Source data:
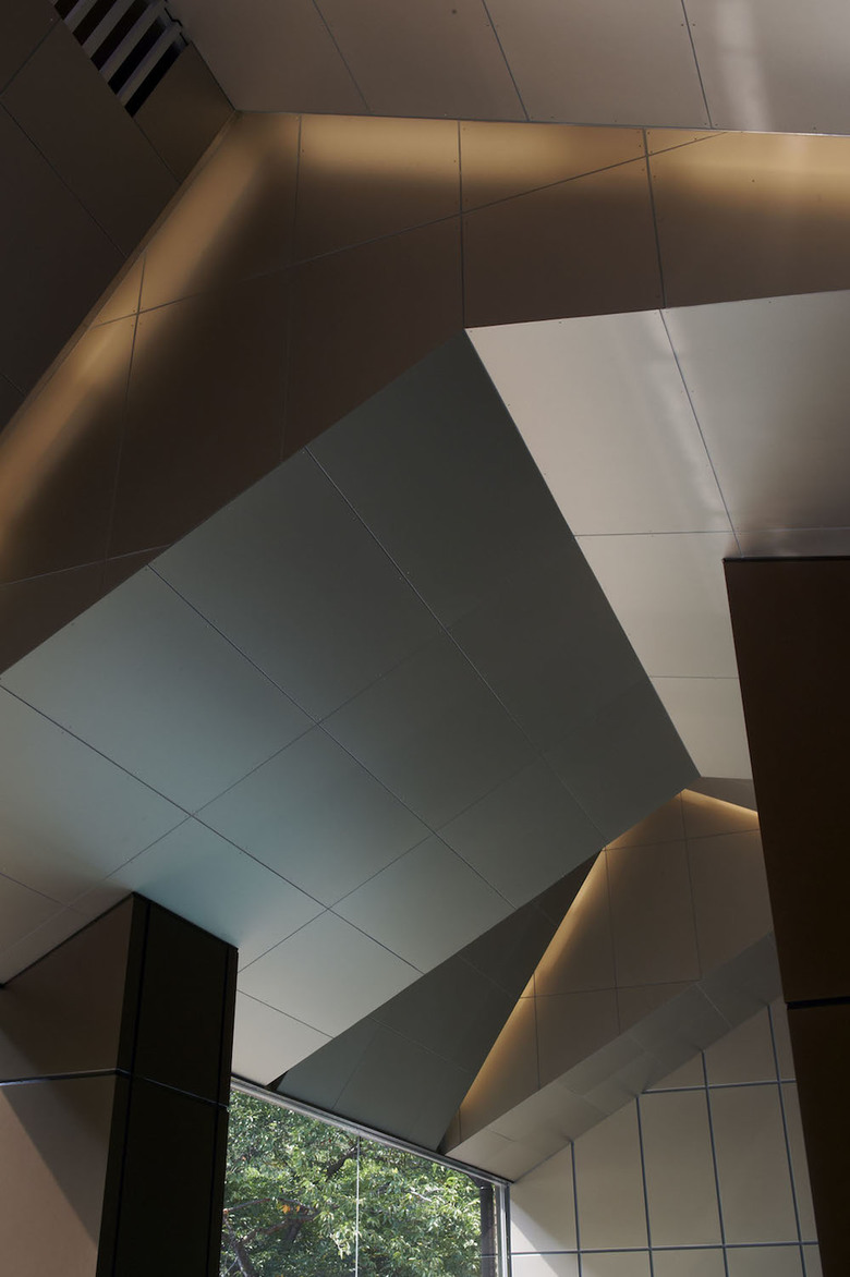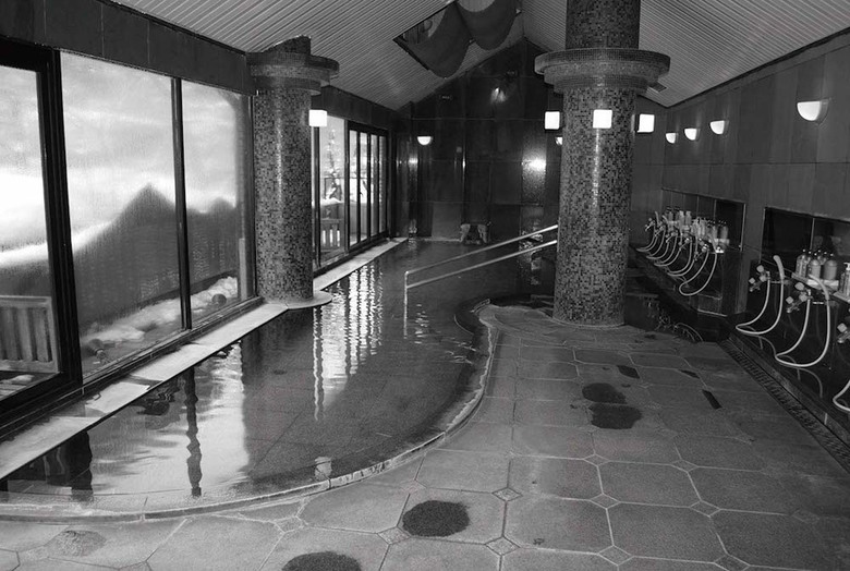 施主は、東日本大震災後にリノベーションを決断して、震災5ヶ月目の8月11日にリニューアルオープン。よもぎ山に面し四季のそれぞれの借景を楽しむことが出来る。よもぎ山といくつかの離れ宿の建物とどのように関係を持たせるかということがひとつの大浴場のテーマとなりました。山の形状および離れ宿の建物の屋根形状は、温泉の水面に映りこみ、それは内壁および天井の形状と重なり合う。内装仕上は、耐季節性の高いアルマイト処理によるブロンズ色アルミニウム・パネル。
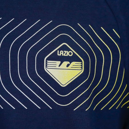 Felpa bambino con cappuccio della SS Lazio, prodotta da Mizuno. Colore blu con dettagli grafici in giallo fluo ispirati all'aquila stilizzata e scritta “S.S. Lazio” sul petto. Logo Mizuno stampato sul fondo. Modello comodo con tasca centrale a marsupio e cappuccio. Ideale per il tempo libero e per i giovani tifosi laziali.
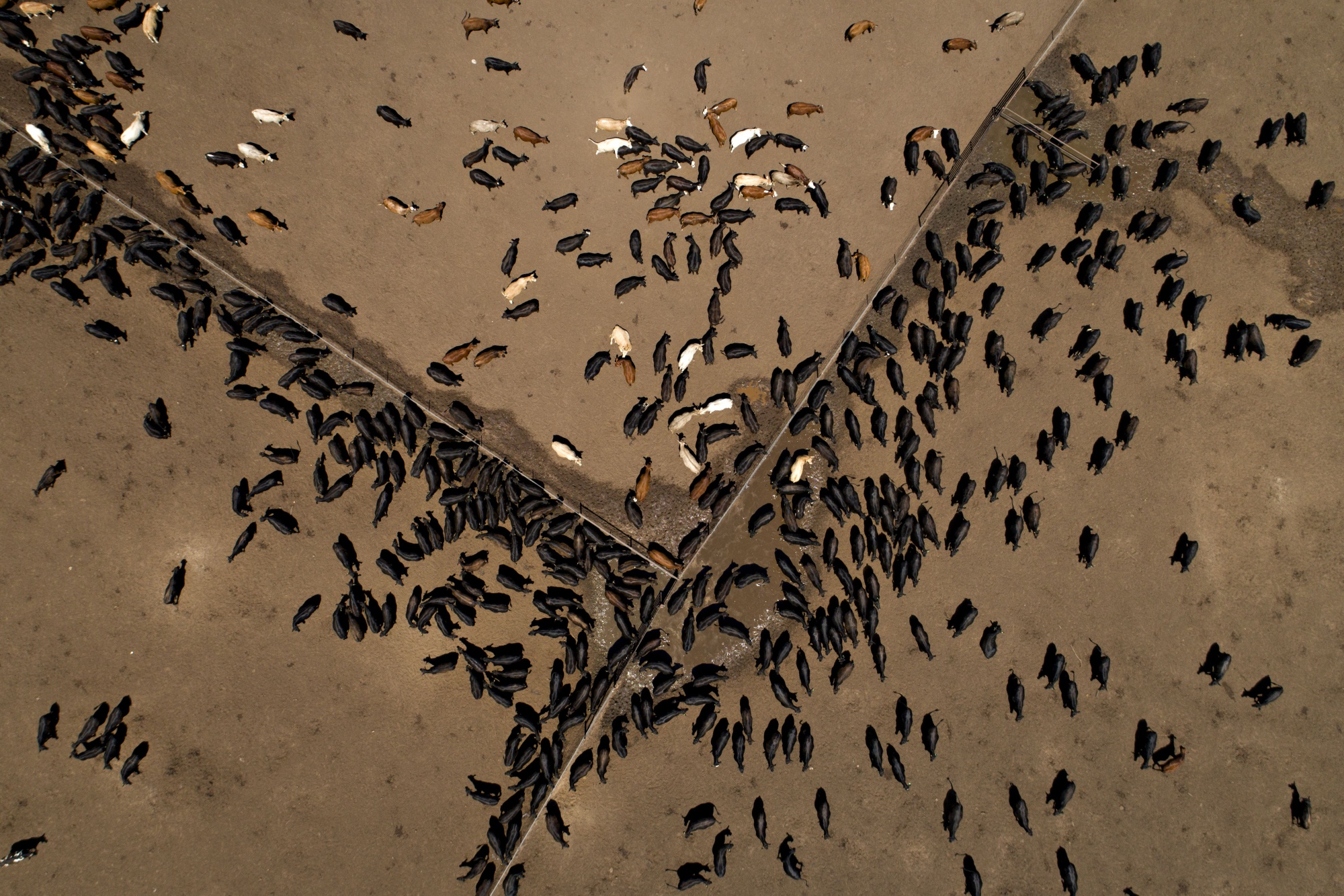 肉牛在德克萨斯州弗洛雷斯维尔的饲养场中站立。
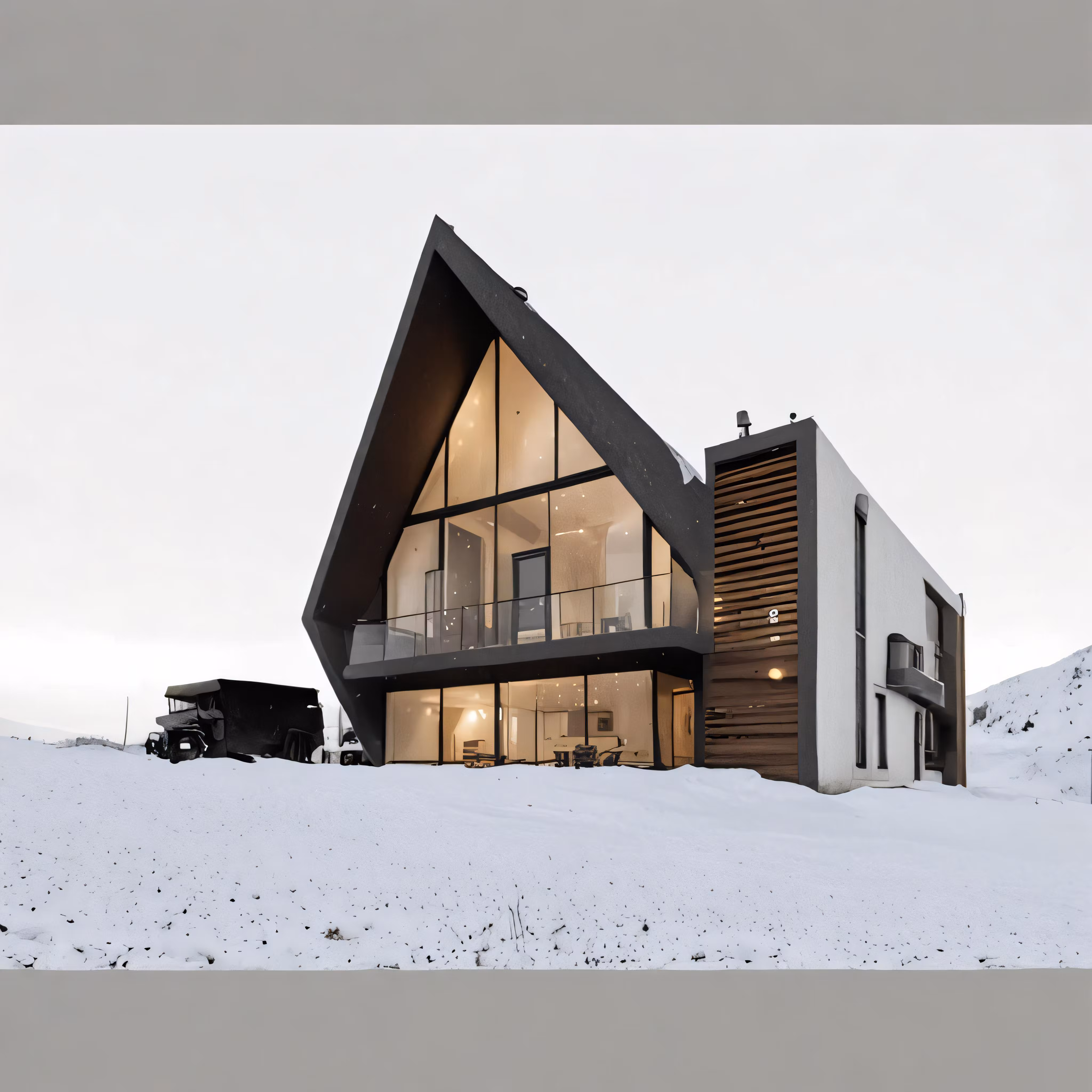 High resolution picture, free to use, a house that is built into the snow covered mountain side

What is required: Skip the pictures. Return exactly the lines from the one containing "Felpa bambino con" through the end of the data above, both included, and nothing besides.

Expected output:
 Felpa bambino con cappuccio della SS Lazio, prodotta da Mizuno. Colore blu con dettagli grafici in giallo fluo ispirati all'aquila stilizzata e scritta “S.S. Lazio” sul petto. Logo Mizuno stampato sul fondo. Modello comodo con tasca centrale a marsupio e cappuccio. Ideale per il tempo libero e per i giovani tifosi laziali.
 肉牛在德克萨斯州弗洛雷斯维尔的饲养场中站立。
 High resolution picture, free to use, a house that is built into the snow covered mountain side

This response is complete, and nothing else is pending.